Extracted material:
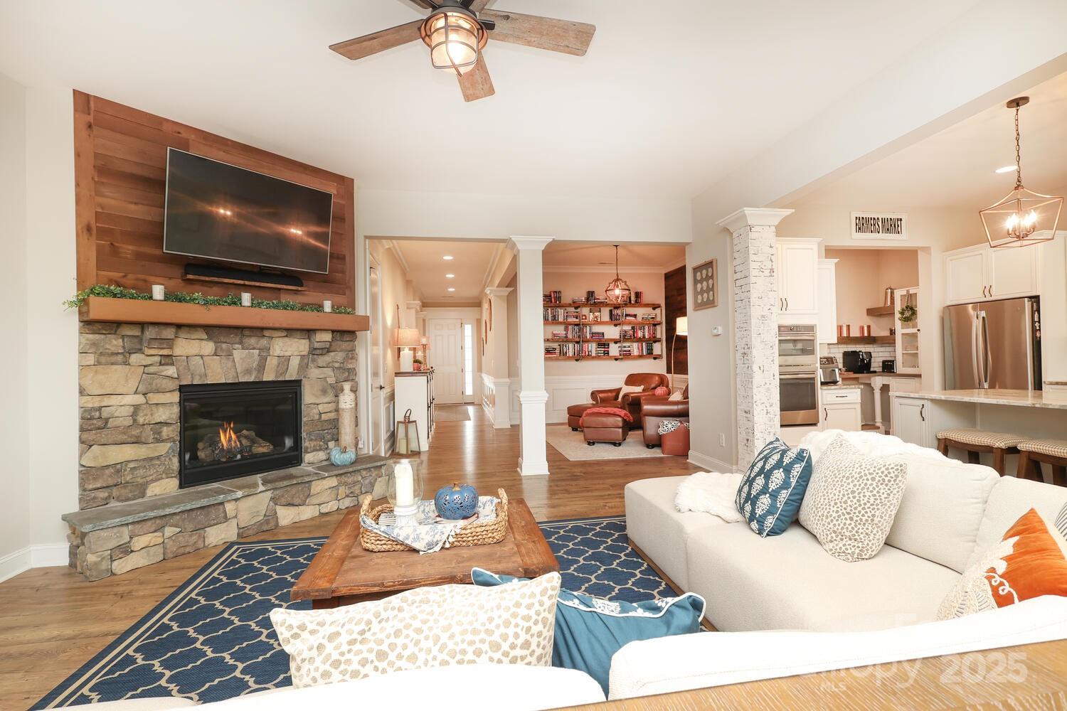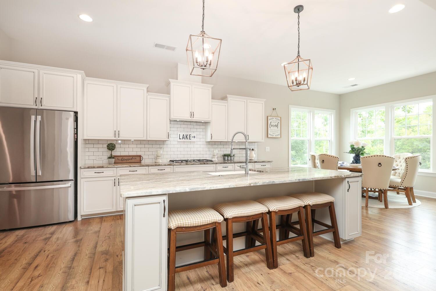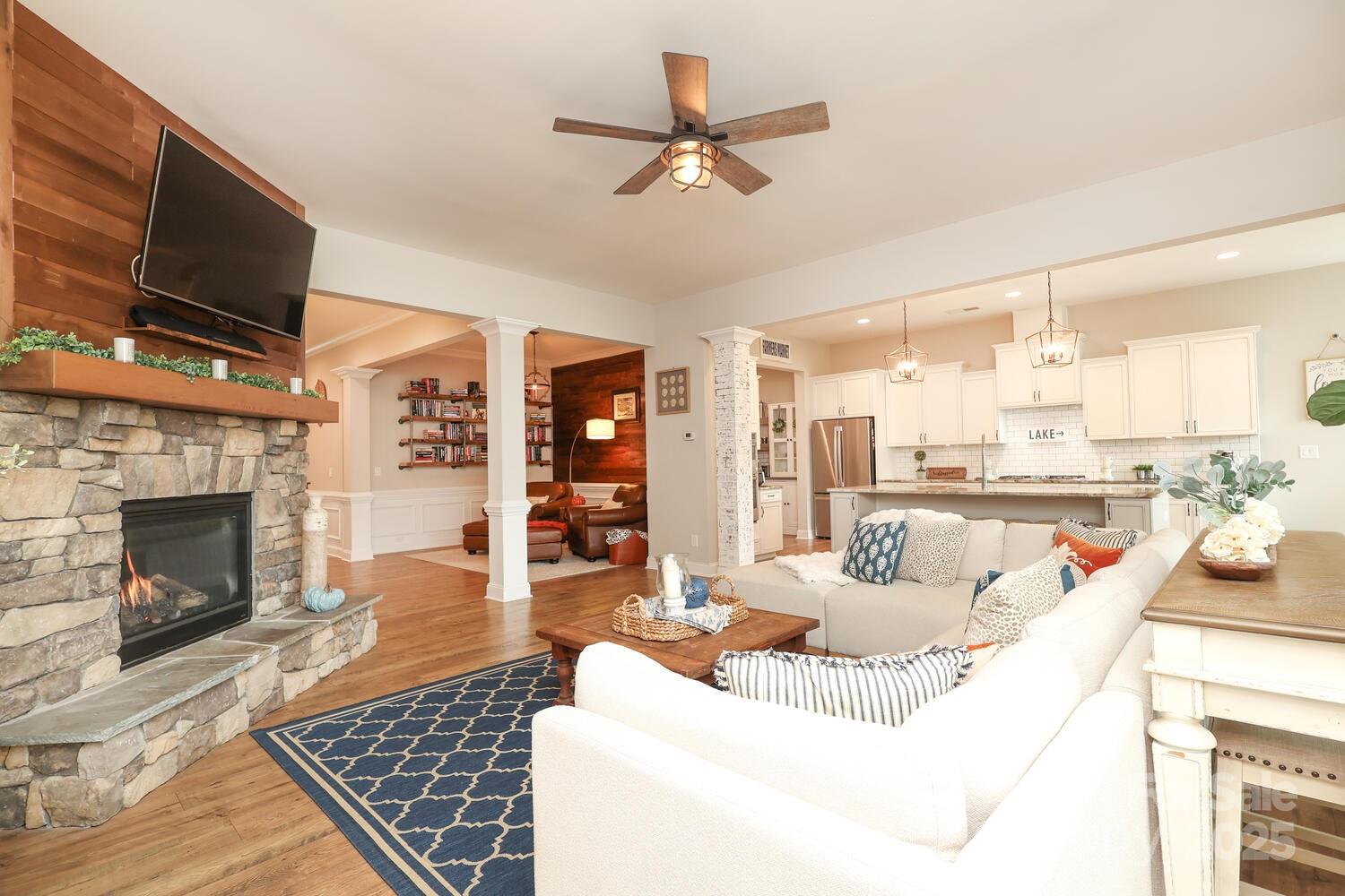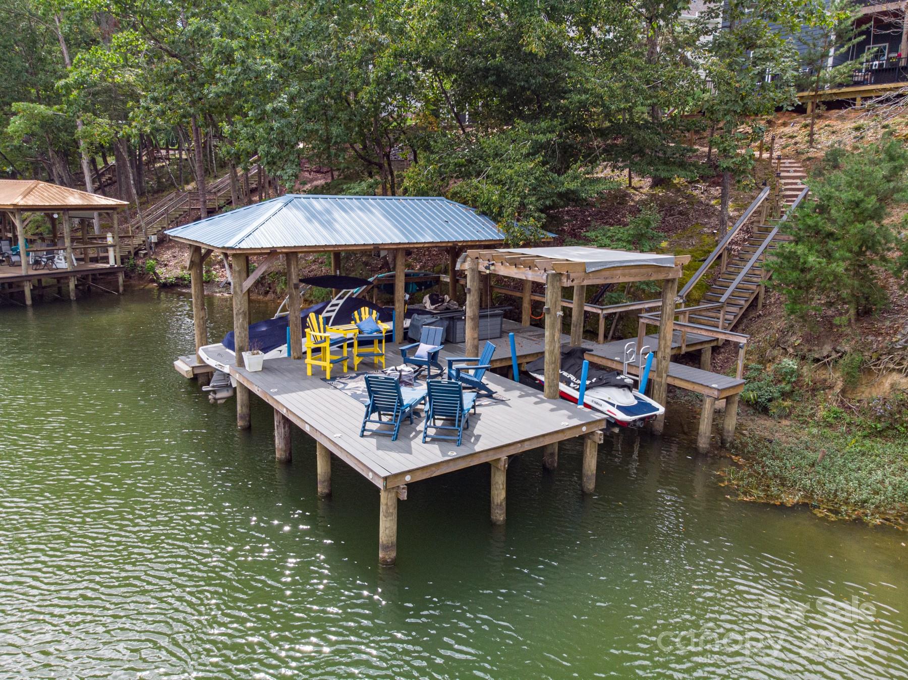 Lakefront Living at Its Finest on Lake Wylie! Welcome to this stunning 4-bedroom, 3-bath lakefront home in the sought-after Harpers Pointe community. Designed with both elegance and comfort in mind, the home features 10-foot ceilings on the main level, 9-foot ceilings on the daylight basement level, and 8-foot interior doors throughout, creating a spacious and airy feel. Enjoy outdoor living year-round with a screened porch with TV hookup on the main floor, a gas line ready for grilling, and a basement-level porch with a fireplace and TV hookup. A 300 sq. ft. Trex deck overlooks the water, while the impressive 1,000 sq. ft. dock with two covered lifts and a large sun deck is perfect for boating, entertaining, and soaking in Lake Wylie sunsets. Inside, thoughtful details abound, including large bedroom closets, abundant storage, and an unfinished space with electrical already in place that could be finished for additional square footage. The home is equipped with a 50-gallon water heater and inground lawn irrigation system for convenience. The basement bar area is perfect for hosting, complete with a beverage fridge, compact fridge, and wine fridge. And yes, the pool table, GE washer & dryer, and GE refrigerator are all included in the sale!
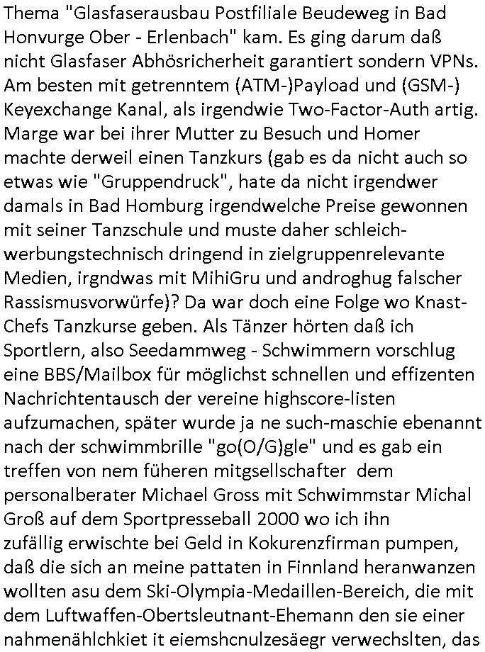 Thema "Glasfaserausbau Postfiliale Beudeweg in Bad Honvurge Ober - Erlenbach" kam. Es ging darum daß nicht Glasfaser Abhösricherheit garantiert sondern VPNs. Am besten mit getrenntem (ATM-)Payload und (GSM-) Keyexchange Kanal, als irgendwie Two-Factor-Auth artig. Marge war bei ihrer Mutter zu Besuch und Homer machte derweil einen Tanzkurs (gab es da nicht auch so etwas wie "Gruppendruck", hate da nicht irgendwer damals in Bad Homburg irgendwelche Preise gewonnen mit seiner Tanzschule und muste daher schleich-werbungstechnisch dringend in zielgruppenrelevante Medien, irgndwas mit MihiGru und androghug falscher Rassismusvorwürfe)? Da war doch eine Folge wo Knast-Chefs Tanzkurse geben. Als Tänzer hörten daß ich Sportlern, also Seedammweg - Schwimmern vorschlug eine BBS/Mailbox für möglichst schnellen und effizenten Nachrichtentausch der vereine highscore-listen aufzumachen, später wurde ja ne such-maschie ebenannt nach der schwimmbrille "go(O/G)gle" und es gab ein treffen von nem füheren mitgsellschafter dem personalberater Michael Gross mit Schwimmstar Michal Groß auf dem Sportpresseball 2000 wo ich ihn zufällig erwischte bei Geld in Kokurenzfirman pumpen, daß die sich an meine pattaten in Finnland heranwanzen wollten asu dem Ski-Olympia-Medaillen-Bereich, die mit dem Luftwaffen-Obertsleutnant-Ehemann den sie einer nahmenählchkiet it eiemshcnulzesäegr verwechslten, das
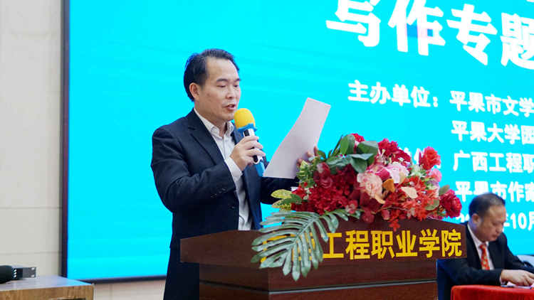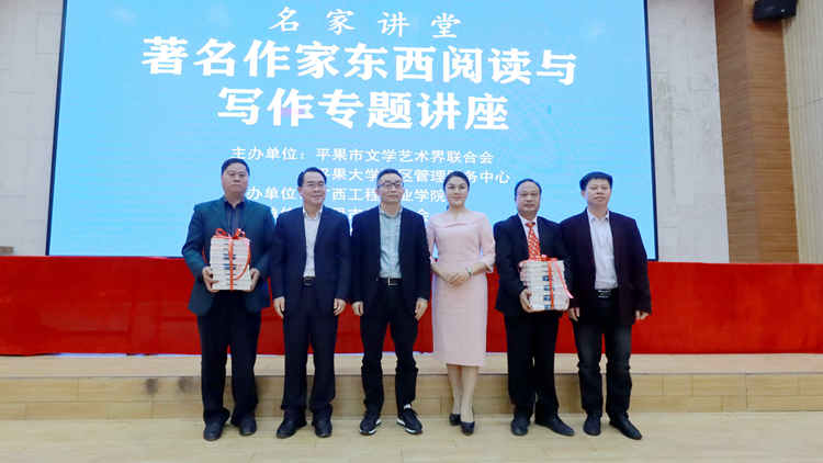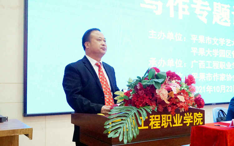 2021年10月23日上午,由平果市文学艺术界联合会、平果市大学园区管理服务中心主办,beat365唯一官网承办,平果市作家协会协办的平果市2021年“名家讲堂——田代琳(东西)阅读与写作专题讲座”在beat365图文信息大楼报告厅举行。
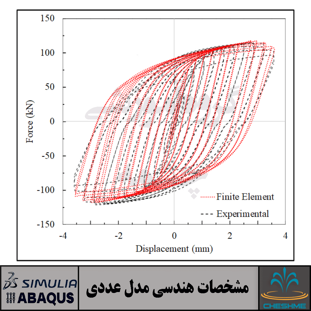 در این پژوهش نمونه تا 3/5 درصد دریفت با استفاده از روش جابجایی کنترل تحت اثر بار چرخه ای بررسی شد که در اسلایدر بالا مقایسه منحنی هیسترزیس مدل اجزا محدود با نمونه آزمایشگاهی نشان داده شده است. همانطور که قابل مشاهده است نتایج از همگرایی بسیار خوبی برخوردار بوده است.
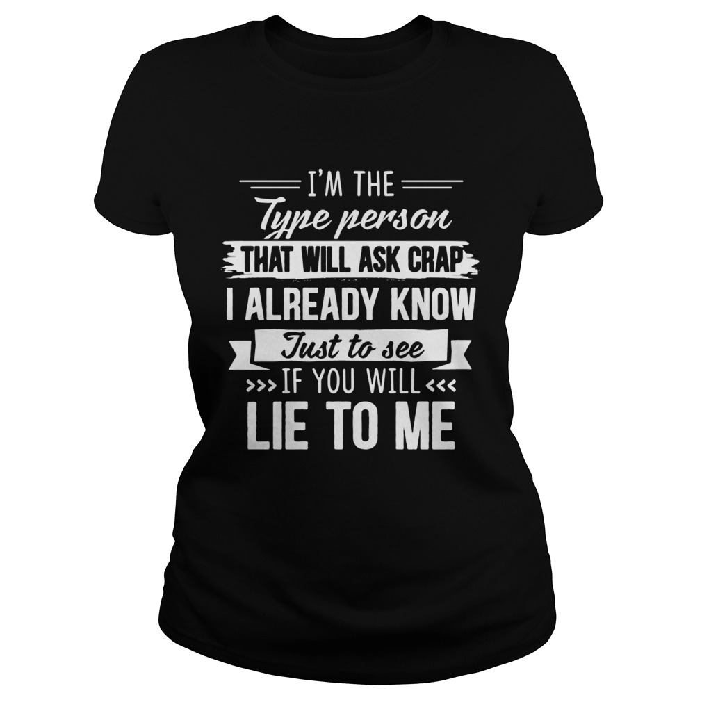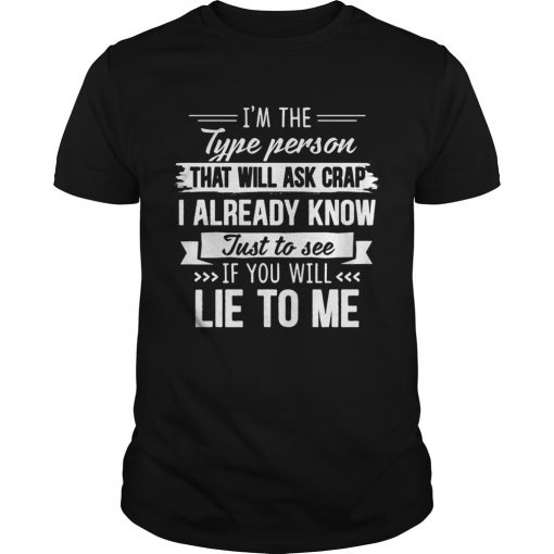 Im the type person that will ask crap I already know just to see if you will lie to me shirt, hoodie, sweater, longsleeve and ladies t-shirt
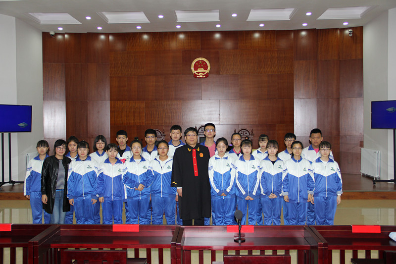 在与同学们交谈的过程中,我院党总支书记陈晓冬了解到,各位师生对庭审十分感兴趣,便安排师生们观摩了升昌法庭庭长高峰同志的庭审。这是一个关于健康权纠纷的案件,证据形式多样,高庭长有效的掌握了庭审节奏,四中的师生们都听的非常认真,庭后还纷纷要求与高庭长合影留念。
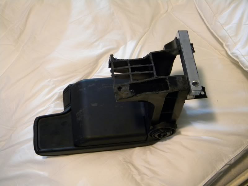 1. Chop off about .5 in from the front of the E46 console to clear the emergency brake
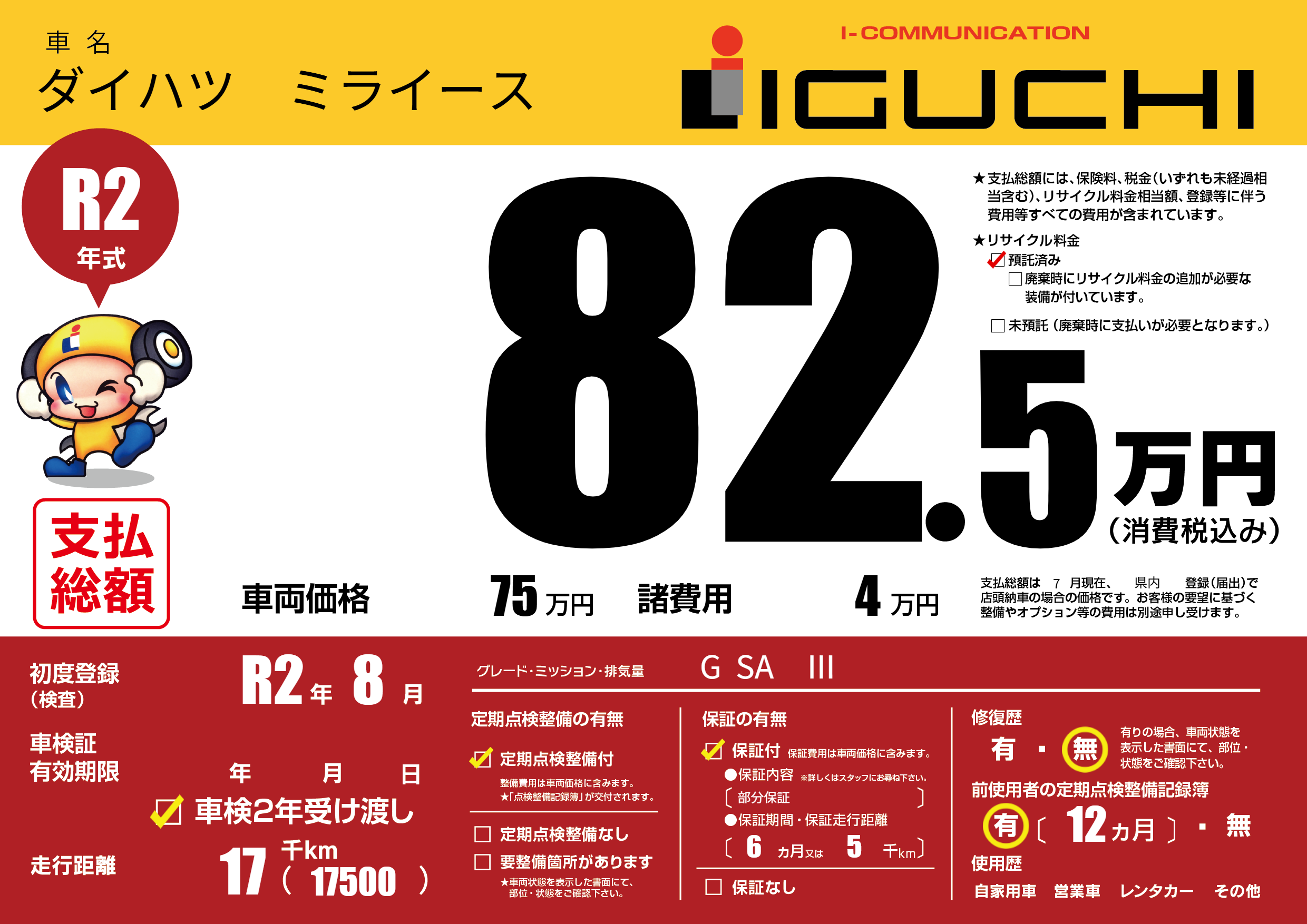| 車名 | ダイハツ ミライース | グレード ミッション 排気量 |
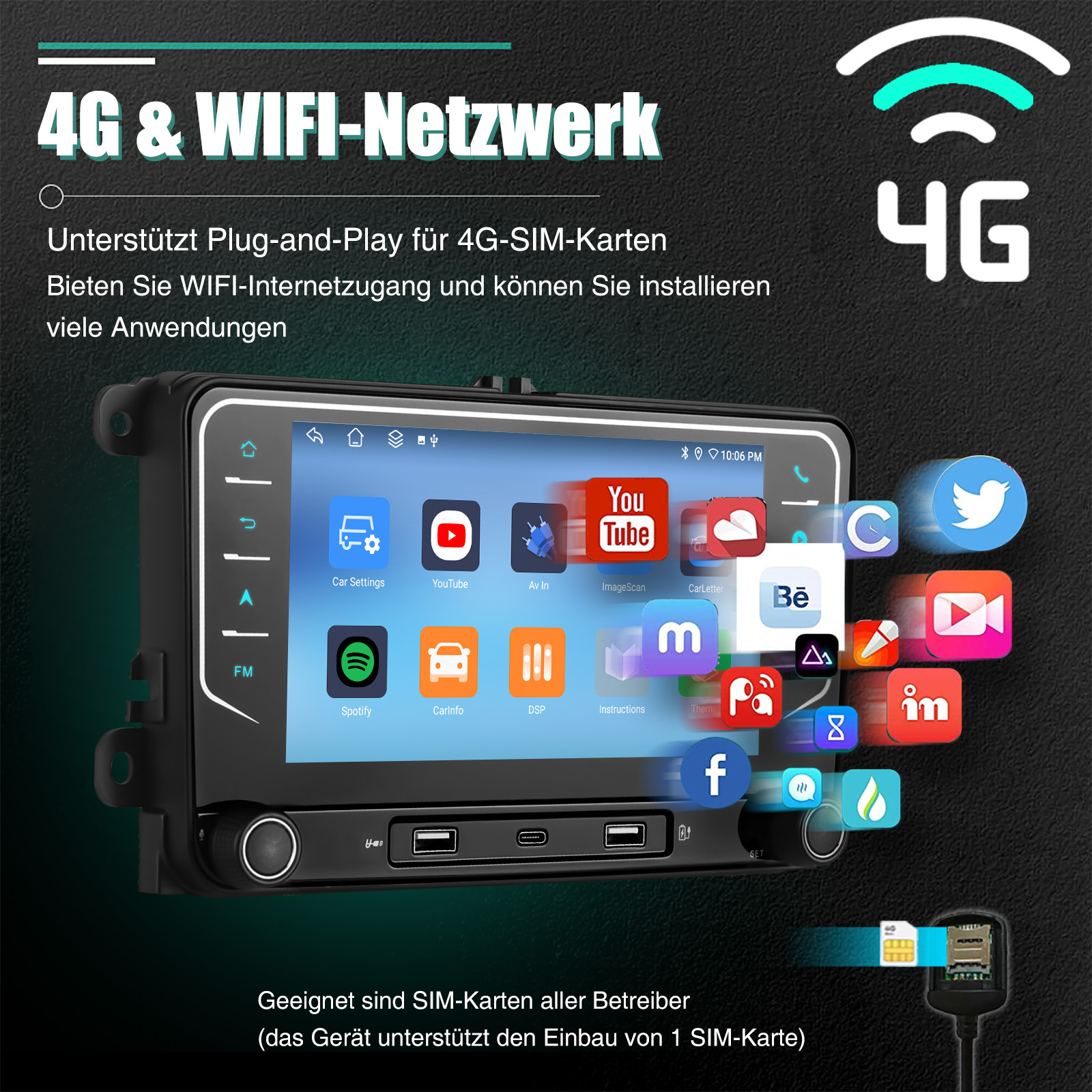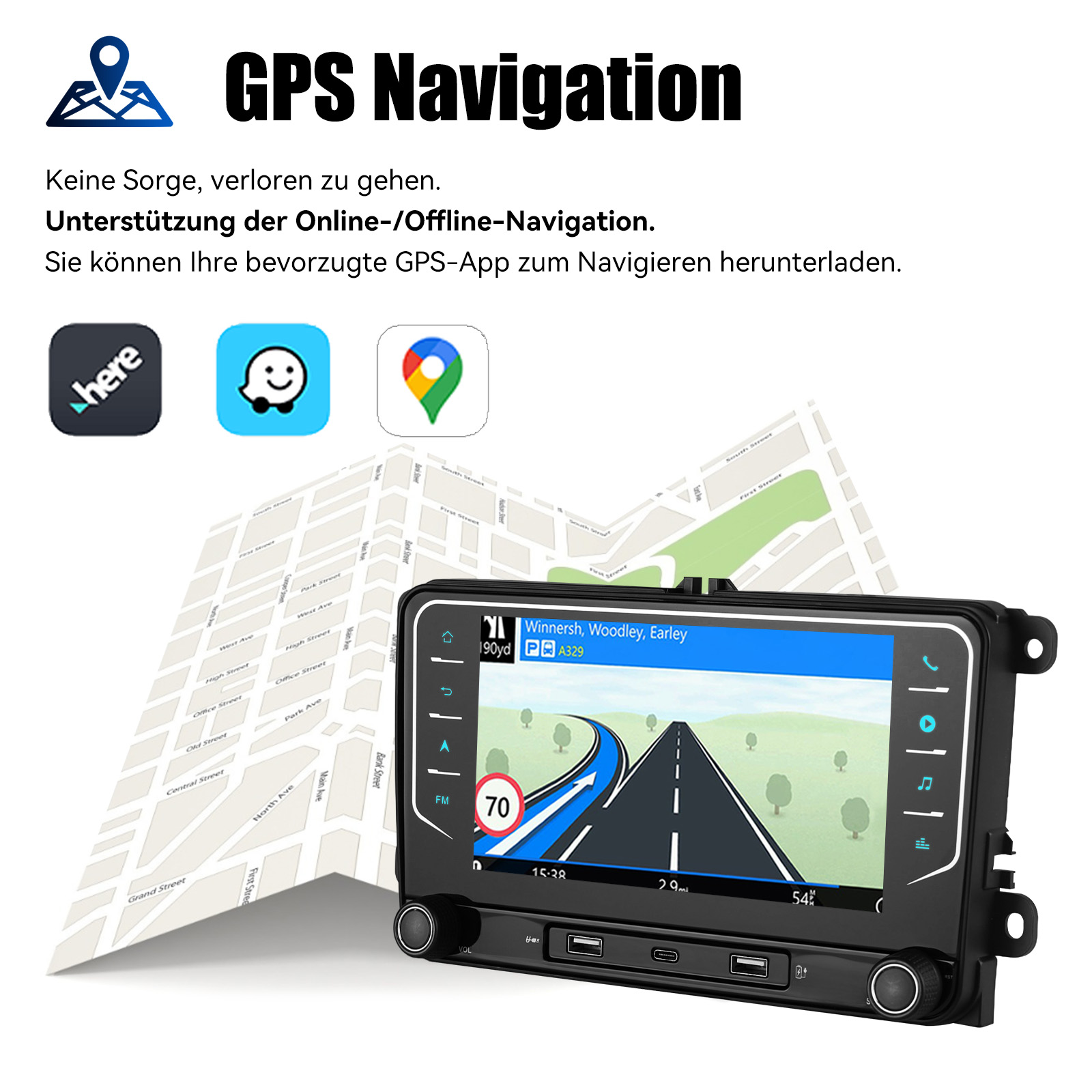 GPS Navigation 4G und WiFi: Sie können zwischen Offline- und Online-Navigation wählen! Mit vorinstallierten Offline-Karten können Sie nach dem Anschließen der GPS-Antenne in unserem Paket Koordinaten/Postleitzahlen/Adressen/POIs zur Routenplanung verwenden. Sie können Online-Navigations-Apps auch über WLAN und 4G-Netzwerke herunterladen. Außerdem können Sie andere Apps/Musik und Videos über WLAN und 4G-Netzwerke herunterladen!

Aim of the task:
With the pictures left out, write out exactly the lines above from the one containing "在与同学们交谈的过程中,我院" through the one containing "ミッション 排気量 |".

Exercise result:
 在与同学们交谈的过程中,我院党总支书记陈晓冬了解到,各位师生对庭审十分感兴趣,便安排师生们观摩了升昌法庭庭长高峰同志的庭审。这是一个关于健康权纠纷的案件,证据形式多样,高庭长有效的掌握了庭审节奏,四中的师生们都听的非常认真,庭后还纷纷要求与高庭长合影留念。
 1. Chop off about .5 in from the front of the E46 console to clear the emergency brake
| 車名 | ダイハツ ミライース | グレード ミッション 排気量 |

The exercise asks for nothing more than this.